To test for correlations between behaviour and microbiome alpha diversity, we used activity level or shoaling tendency as the response variable in two generalised linear mixed models (glmm) in the glmmTMB package, v. 1.1.2.3 (Beta error family and identity logit function within R v.4.1.0). As fixed main effects, we included test fish sex and length (controlling for sex differences), body condition (scaled mass index), Faith's PD, trial date and time of day, and whether there was a shoal present. We also included the two-way interaction between sex and Faith's PD. We used visreg and ggplot2 for plotting.

            To investigate correlates of skin microbiome bacterial community membership, we calculated the Unweighted UniFrac distance matrix in Qiime2, imported it into Primer v7, and built a distance-based linear model (DISTLM). This model included the same predictor variables as the glmm. We used permutation to assess statistical significance. We visualised the fitted DISTLM models in multidimensional space, using the distance-based redundancy analysis (dbRDA) in PRIMER v7 (see supplement).

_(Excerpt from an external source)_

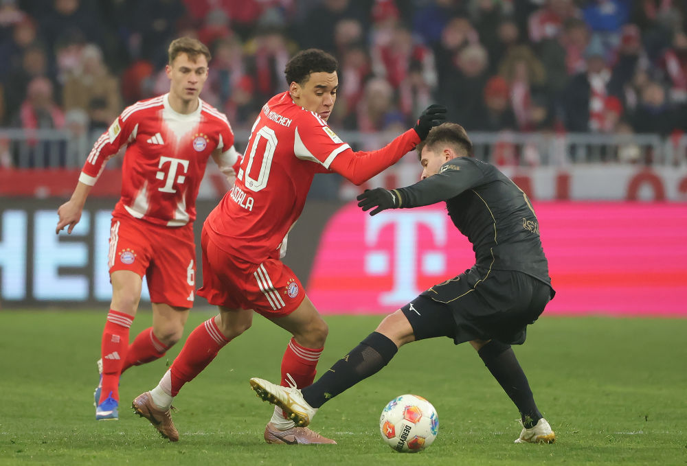 1月24日,拜仁慕尼黑隊球員穆西亞拉(中)和奧格斯堡隊球員雷治貝察伊(右)在比賽中拼搶。新華社發(菲利普·魯伊茲攝)

Finally, to test for associations between individual bacterial taxa and guppy activity level and shoaling tendency, we used MaAsLin2. Within our models we added trial date as a fixed effect to control for any compositional differences caused by difference in experimental date. This programme first uses boosting in a univariate pre-screen to identify taxa (arcsine square-root transformed relative abundances) potentially associated with a focal variable and then uses linear mixed-effects models to test for statistically significant associations using the Benjamini–Hochberg false discovery rate method.

We have included .csv files containing the data, and a .pdf README file including the R code and output we used to analyse the data, plus more details on the variables in the datasheets.